Shares in Australia’s biggest private hospital operator closed yesterday trading for $35.55. In early afternoon trade on Thursday, shares are changing hands for $35.49, down 0.2%.
For some context, the ASX 200 is up 0.5% at this same time.
Longer term, Ramsay Health Care shares have gained 4% in 2025, slightly underperforming the 5.2% year-to-date returns posted by the benchmark index.
Atop those share price gains, the ASX 200 healthcare share also trades on a fully franked 2.3% trailing dividend yield.
While the past year’s performance has been modest, looking ahead, Family Financial Solutions’ Jabin Hallihan believes Ramsay Health Care shares are currently materially undervalued (courtesy of The Bull).
Here’s why.
Should you buy the ASX 200 healthcare share today?
“Ramsay is one of Australia’s largest private hospital operators,” Hallihan said. “Strong fundamentals and margin recovery support long term growth.”
As for his buy recommendation on the ASX 200 healthcare share, he noted, “In Australia, RHC reported revenue growth of 6.5% in the first quarter of 2026 compared to the prior corresponding period. Earnings before interest and tax rose 5.8%.”
And earnings are forecast to keep growing.
“RHC expects EBIT growth in full year 2026,” Hallihan noted.
He concluded:
Ramsay’s shares remain undervalued relative to our fair value estimate of $54, as we expect profitability to improve through higher indexation, digital efficiencies and easing wage pressures. The shares were trading at $37.23 on December 4.
Going by Family Financial Solutions’ fair value estimate, that implies a potential 52.2% upside from the current share price.
What’s the latest from Ramsay Health Care?
Ramsay Health Care shares closed up 12.7% on 25 November, the day the company held its annual general meeting (AGM).
Investors were buying the ASX 200 healthcare share amid ongoing progress following what management admitted was a difficult year gone by.

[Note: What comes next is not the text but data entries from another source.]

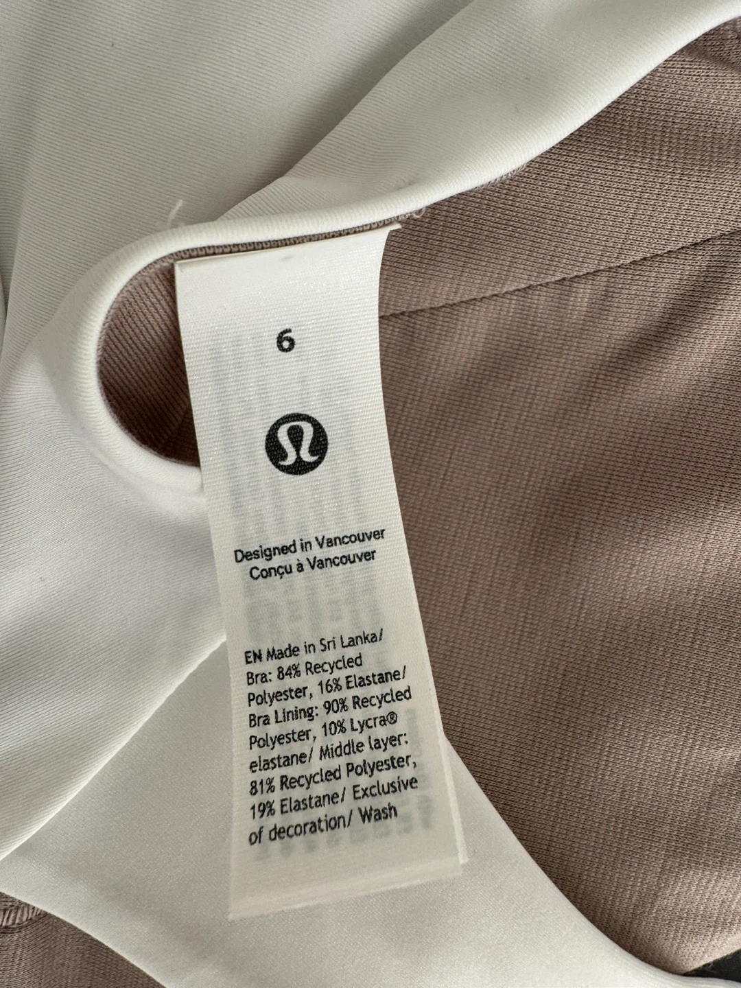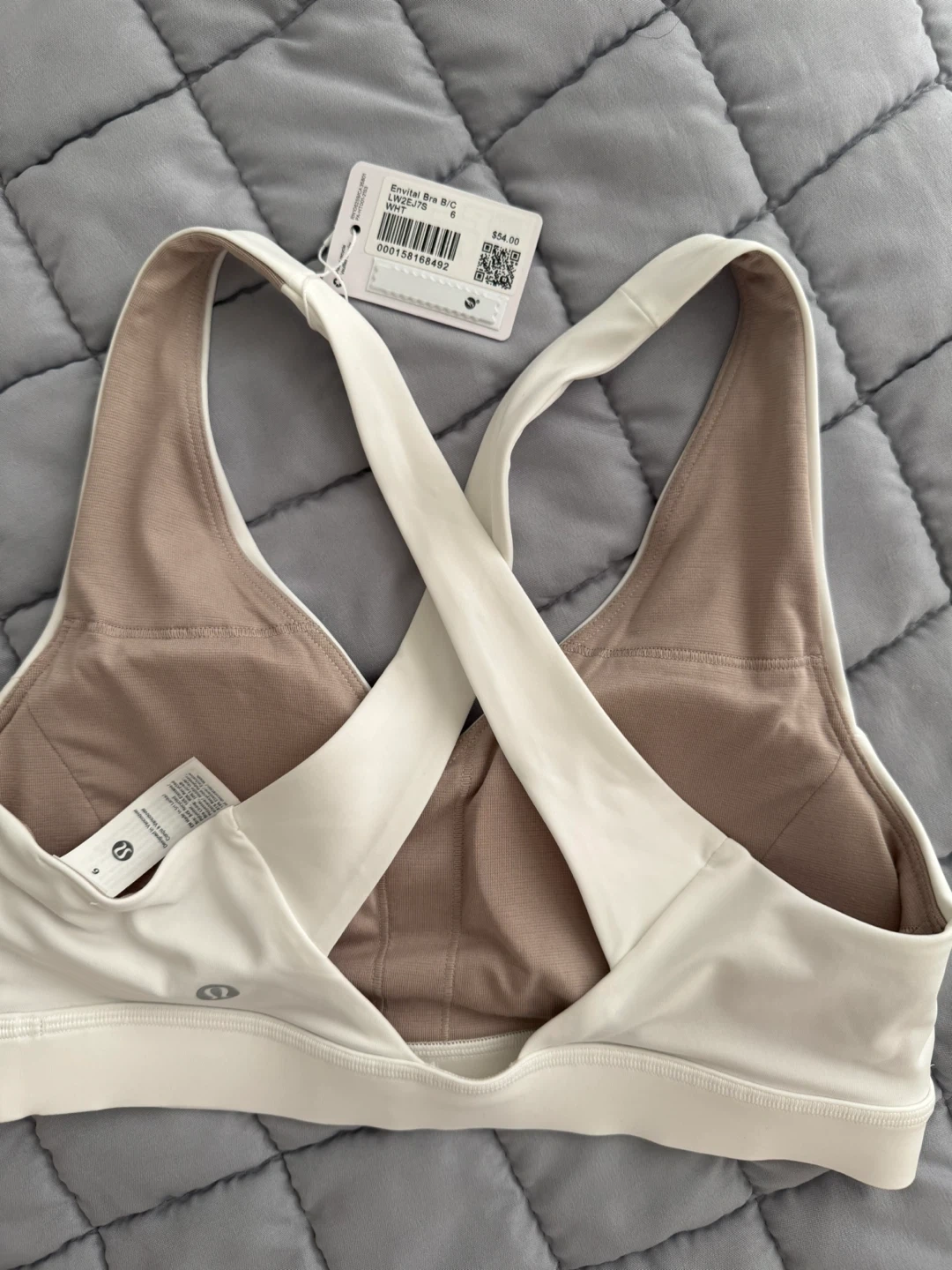 Selling a Lululemon Envital Bra B/C in size 6. It's a lovely white colour. The bra is made with 84% recycled polyester and 16% elastane. The lining is 90% recycled polyester and 10% lycra. Originally bought for $54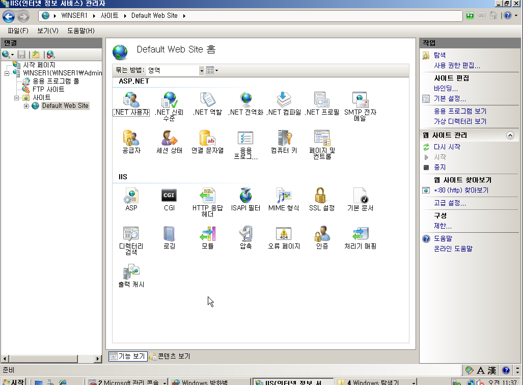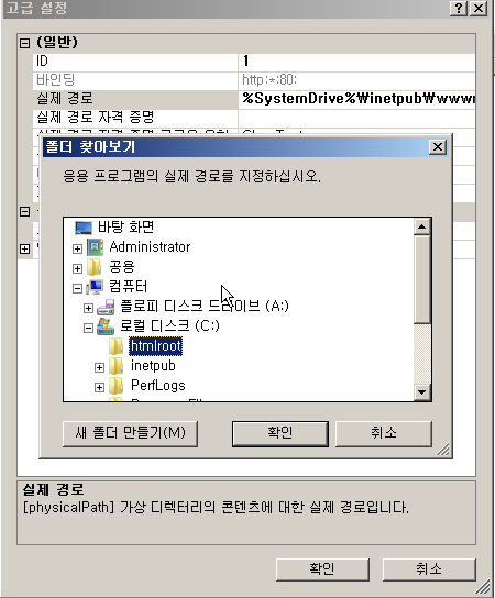 IIS 인스톨 이후 새로추가된 관리도구에서 설정을 해본다.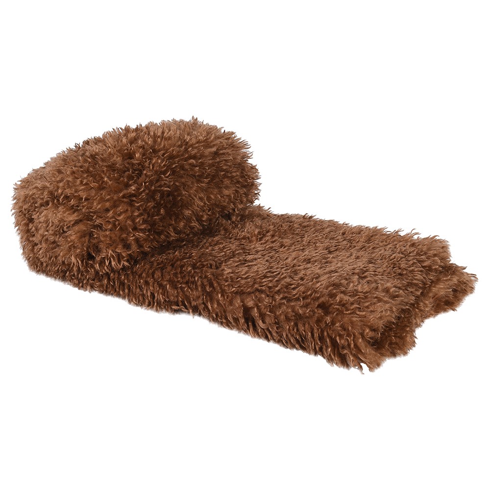En jättemjuk pläd tillverkad i Akryl/Polyester i en kolabrun färg. Den ser ut som en ryamatta men den känns inte som en ryamatta. Den är så mjuk, nästan som silke.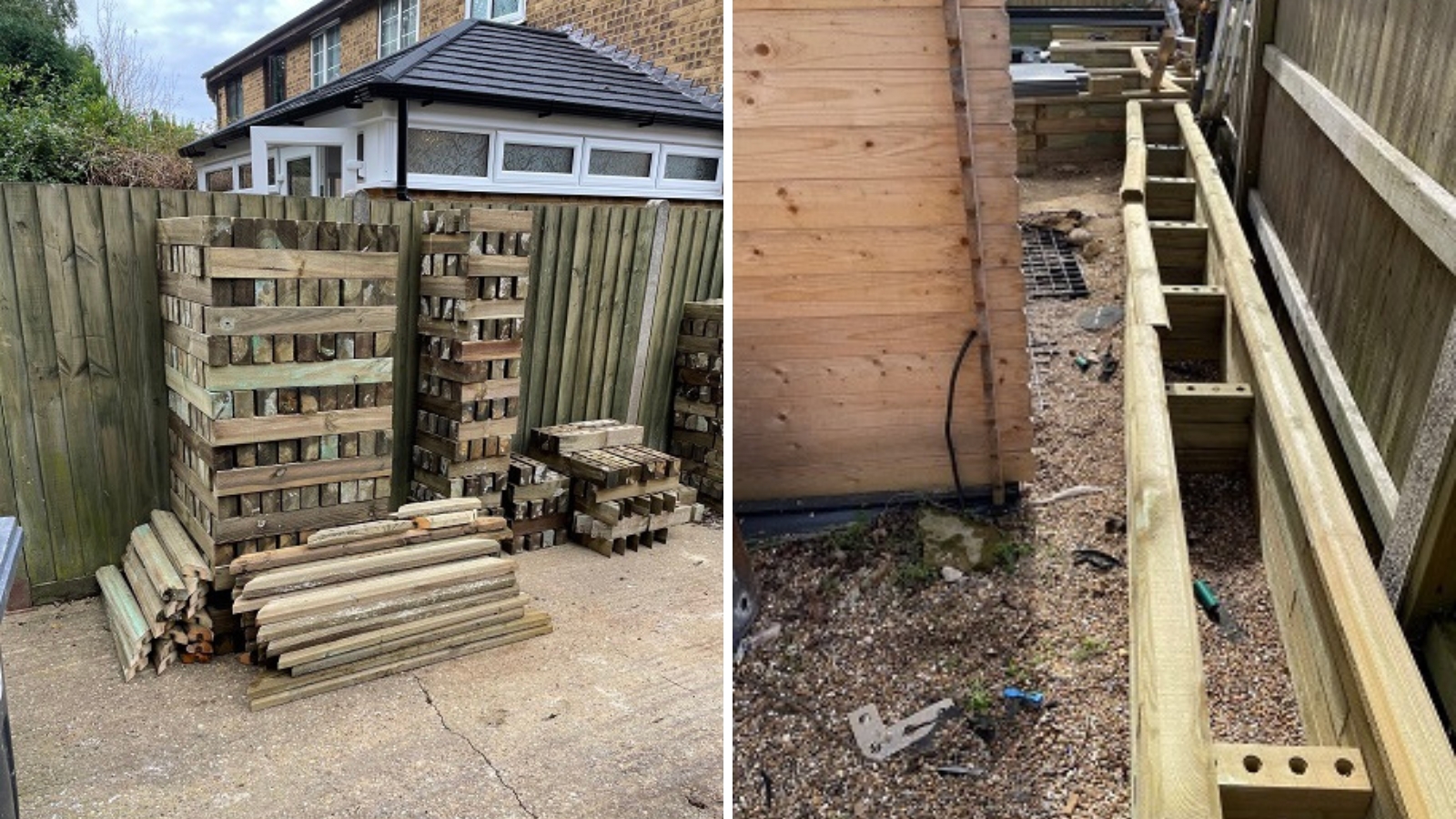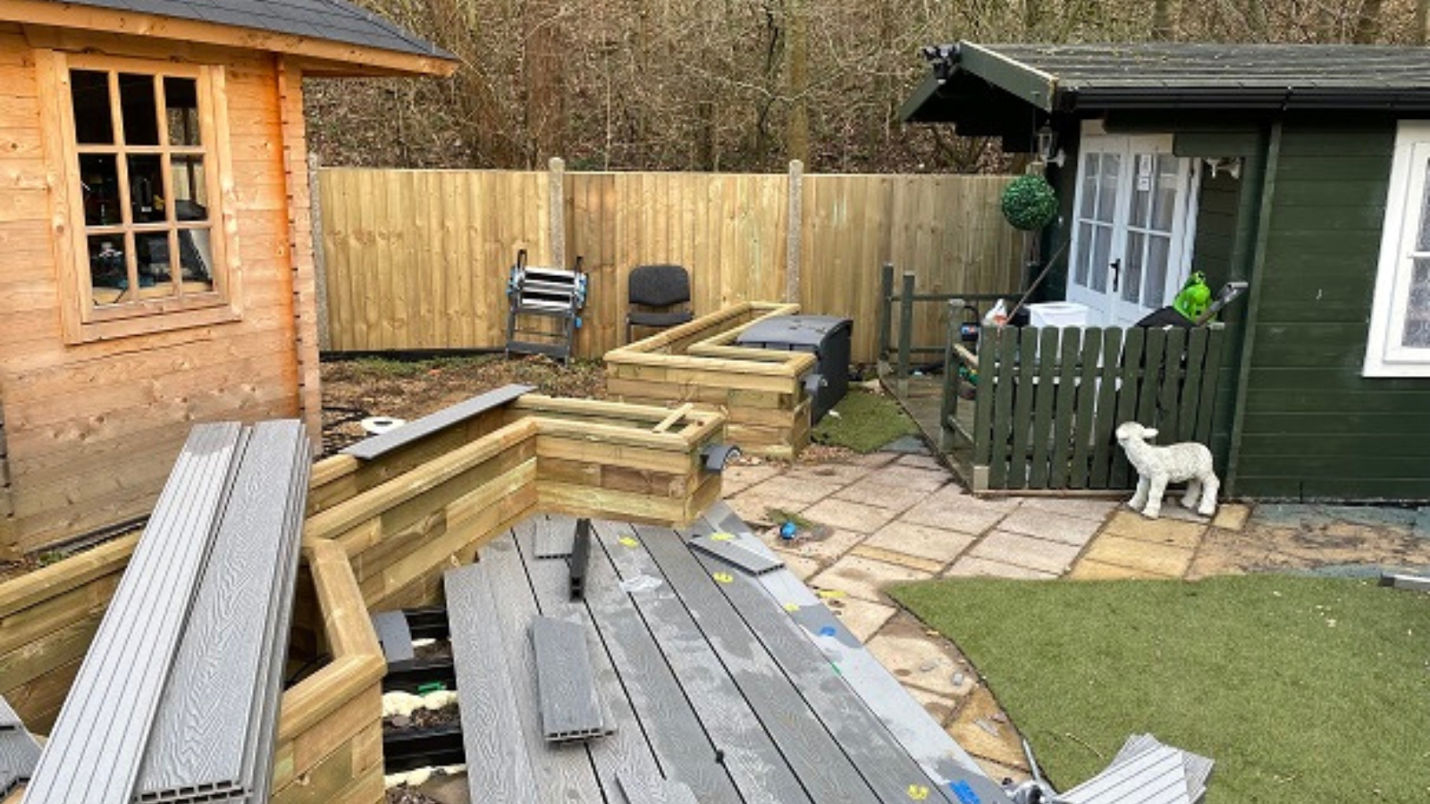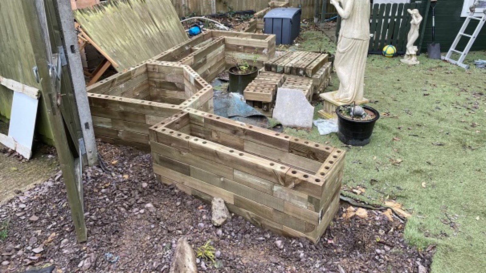 La transformation du jardin de notre client a nécessité le réaménagement du jardin ouvert en un espace beaucoup plus intéressant avec des jardinières surélevées WoodBlocX de différentes tailles, toutes jointes par des allées et du gazon synthétique pour ajouter un peu de vert.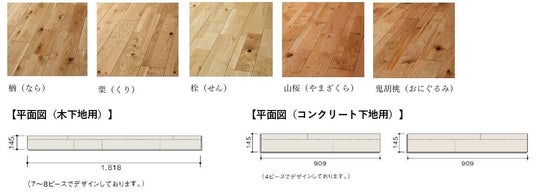 希少な国産広葉樹5樹種を採用。木下地用とコンクリート下地用があります。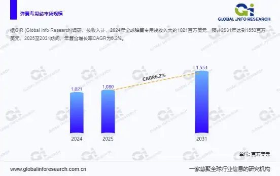 从市场发展态势来看,据 GIR(Global Info Research)的专业调研数据,以收入为统计依据,2024 年全球弹簧专用线收入约为 1021 百万美元,预计到 2031 年将增长至 1553 百万美元。在 2025 至 2031 年期间,该市场的年复合增长率(CAGR)预计为 6.2%。这一稳健增长背后,是汽车行业的持续发展(尤其是新能源汽车对高性能弹簧需求的提升)、家电与电子设备的更新迭代、机械设备制造业的技术升级以及航空航天领域对高精度弹簧需求的增加,多重需求叠加推动弹簧专用线市场不断扩容,展现出良好的发展潜力。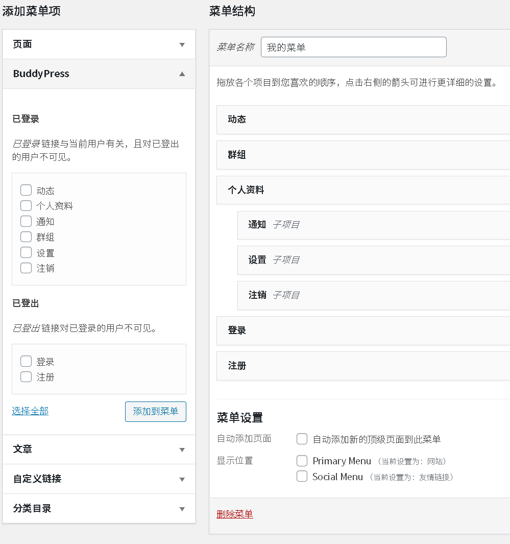 创建好菜单后,让我们来看看 BuddyPress 提供了哪些组件,及其功能: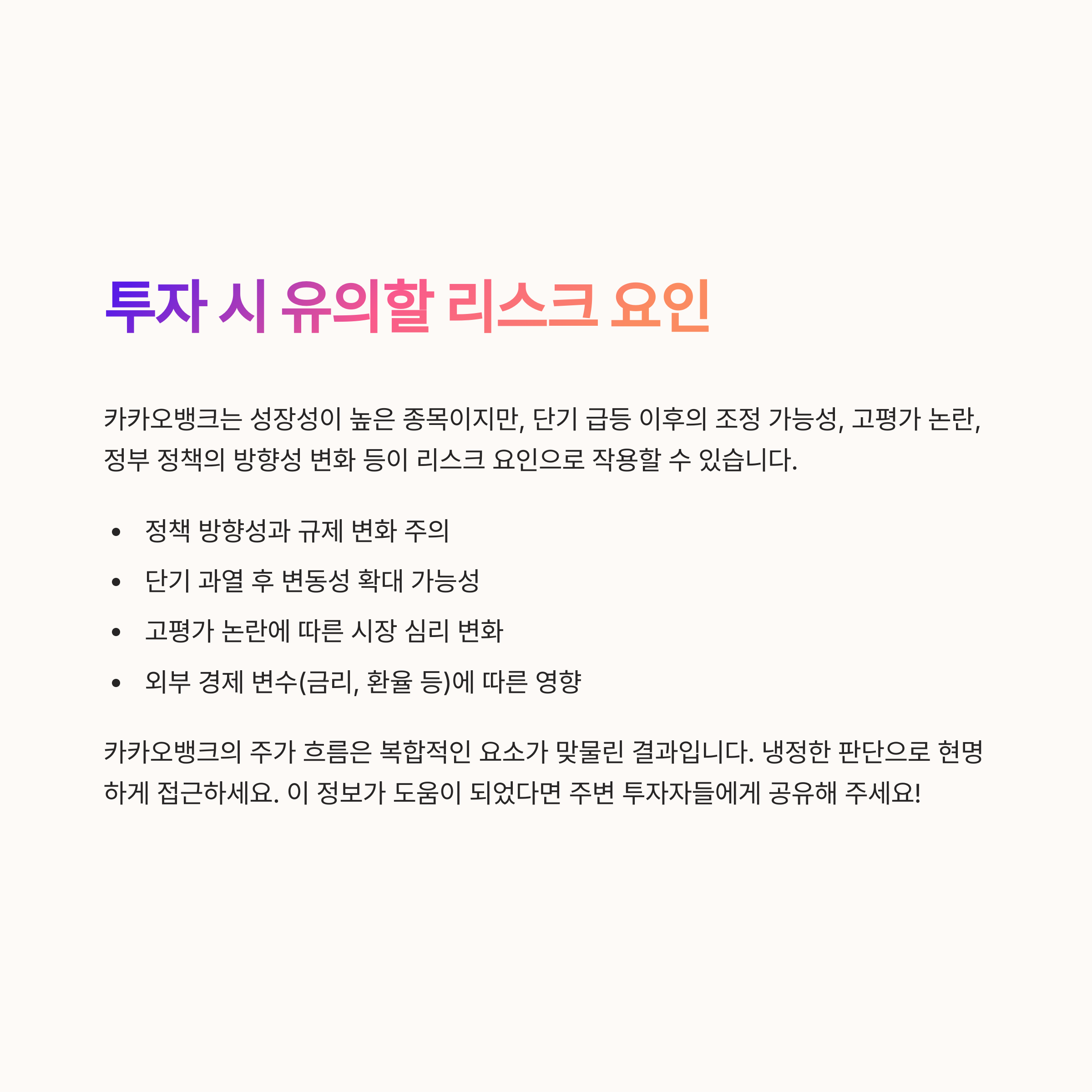 카카오뱅크는 성장성이 높은 종목이지만, 단기 급등 이후의 조정 가능성, 고평가 논란, 정부 정책의 방향성 변화 등이 리스크 요인으로 작용할 수 있습니다.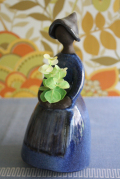スウェーデン、jie gantofta社製の陶器の花瓶です。女性の組んだ両手の間に穴があいており、そこにお花をさすと女性がお花を抱えているようにみえる素敵なデザインです。ドレスや帽子にはツヤのある釉薬がかけられており、顔や手など素肌にはマットな素地のままという対比が温かな雰囲気を醸しています。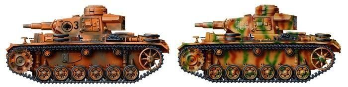 【 主力部隊を支える強火力 】 第二次大戦中盤、前線で問題となっていた火力支援車輌の不足に対処するため、III号戦車の主砲を高性能榴弾や成形炸薬弾も発射可能な短砲身7.5cm砲に換装したのが最終生産タイプのN型です。生産は既存のJ、L、M型を改修して行われ、1942年6月から43年8月までに663輌が完成、その後も1944年までに37輌が追加で改修されました。1942年夏から戦場に姿を現し、高性能榴弾による近接支援砲撃に威力を発揮。新編成された独立重戦車大隊にも配備され、重戦車タイガーIの定数不足を補いました。III号戦車N型は、運用しやすく信頼性に優れた支援戦車として大戦後半も幅広い戦線で奮闘したのです。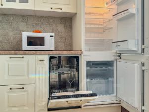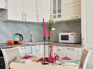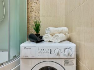 Квартира оборудована всем необходимым: двухспальная кровать, раскладное кресло, санузел с душевой, свежее постельное бельё с комплектом воздушных полотенец, средства личной гигиены, фен, утюг, гладильная доска, напольная сушилка, бытовая техника, столовые приборы, необходимая посуда для приготовления пищи.
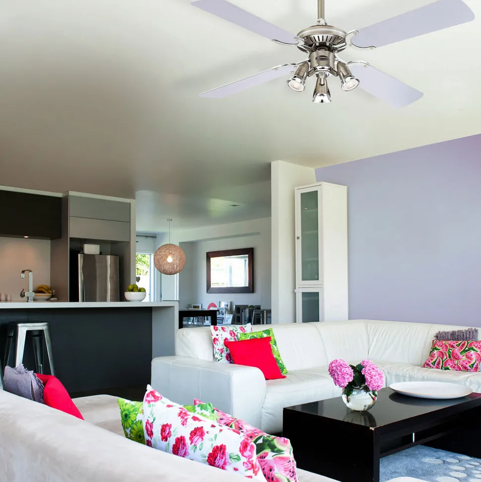 Takviften Princess Euro med vendbare vifteblad i sølv og grafitt virker utrolig elegant. Den er svært effektfull og er dessuten utstyrt med en spot med 3 lyskilder.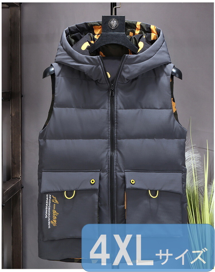 - リバーシブル メンズ ダウンベスト 998 グレー 4XLサイズ 中綿ダウン 中綿ベスト キルティング アウター 防寒 秋冬 暖かい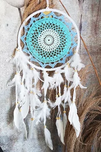 Zachwycają mnogością rodzajów, wariantów kolorystycznych, a nawet wielkości. Pochodząc z indiańskich wierzeń nadają oryginalności i powiewu magicznej atmosfery, co sprawia że idealnie wpasują się w każdą przestrzeń bez względu na jej styl czy przeznaczenie. Mogą stanowić główny element dekoracyjny wnętrza, jak również być jego subtelnym dopełnieniem - jedynym ograniczeniem przy wybieraniu łapacza snów jest wyobraźnia i wizja. Wymiary: średnica 27cm długość całkowita ok 77cm.
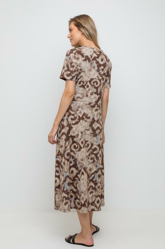 Платье с круглым вырезом и короткими рукавами из плотного набивного трикотажа интерлок. Модель с трапециевидной юбкой и боковыми карманами.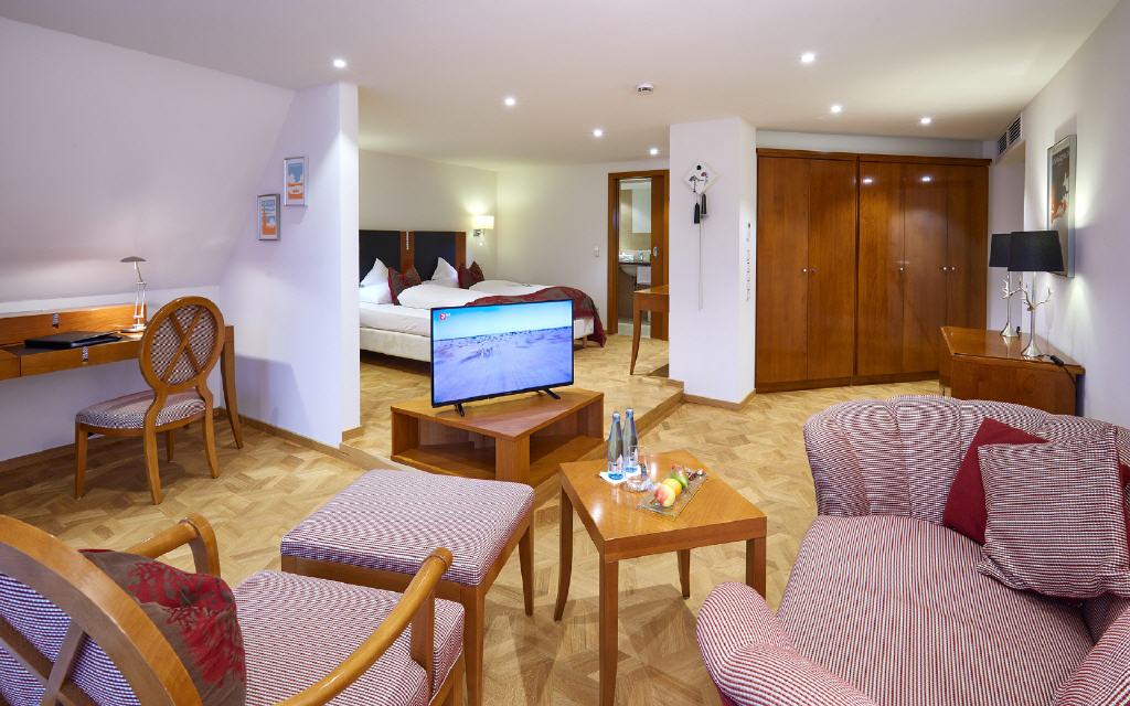 Jedes Zimmer und jede Suite ist mit Smart-TV, Mediathek, Radio, Tablet und WLAN ausgestattet. Design-Echtholzmöbel, Eiche-Echtholzparkett, exklusive Stoffe von JAB, hochwertige Box-Springbetten mit bandscheibengerechten Matratzen, Sitzecke, Minibar, Safe sowie ein elektrischer Hosenbügler sorgen in allen Zimmern für eine höchstkomfortable Erholung.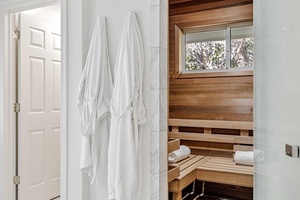 The first-floor primary suite is a serene retreat with a dry sauna, grand marble walk-in shower, spacious custom closet, and outdoor access. Three additional bedrooms offer en-suite baths with marble counters and floors, enhancing the home’s elegance. A built-in, locked custom watch display adds a unique touch of luxury.

“While there is still much work ahead and cost pressures remain, the board is encouraged by the progress we are making towards improving the performance of our Australian and UK hospital businesses,” Ramsay Health Care chair David Thodey said on the day.
Ramsay Health Care CEO and managing director Natalie Davis added:
Over the past year, we’ve maintained our leading patient NPS scores across our regions. We’re growing our clinical trials network in Australia to expand access to new treatments, to strengthen our doctor value proposition and to build partnerships that support clinical innovation.